Lai et al. (2025) Identification of spatiotemporal changes and driving factors of ecological drought during 1982–2024 across the mainland China
Identification
- Journal: Agricultural Water Management
- Year: 2025
- Date: 2025-12-12
- Authors: Hexin Lai, Shaofeng Yan, Shikai Gao, Ruyi Men, Fei Wang, Mengting Du, Kai Feng, Yanbin Li, Wenxian Guo, Haibo Yang
- DOI: 10.1016/j.agwat.2025.110079
Research Groups
- School of Water Conservancy, North China University of Water Resources and Electric Power, Zhengzhou, China.
- Hubei Institute of Water Resources Survey and Design Co., Ltd., Wuhan, China.

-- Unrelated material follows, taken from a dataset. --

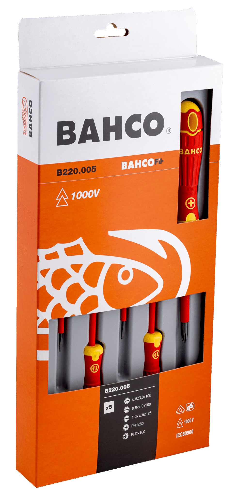 BAHCO Zestaw 5 wkrętaków izolowanych BahcoFit. Do śrub prostych i Phillips
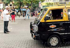 Mr Subramanium stops a taxi right before the zebra crossing

- School of Water Conservancy and Transportation, Zhengzhou University, Zhengzhou, China.
Short Summary
This study utilizes the Standardized Ecological Water Deficit Index (SEWDI) to assess ecological drought across mainland China from 1982 to 2024, revealing a general increasing trend in drought severity since 2000. The research identifies evapotranspiration, soil moisture, and irrigation water as the primary drivers of these spatiotemporal changes.
Objective
- To identify the spatiotemporal evolution, mutation points, and driving factors (climatic and anthropogenic) of ecological drought across mainland China using a standardized index based on vegetation water supply and demand imbalance.
Study Configuration
- Spatial Scale: Mainland China, divided into nine major zones (NAR, NCP, HPR, LPR, QTP, SBR, YGP, MYP, and SCR), with data resampled to a 8 km × 8 km grid resolution.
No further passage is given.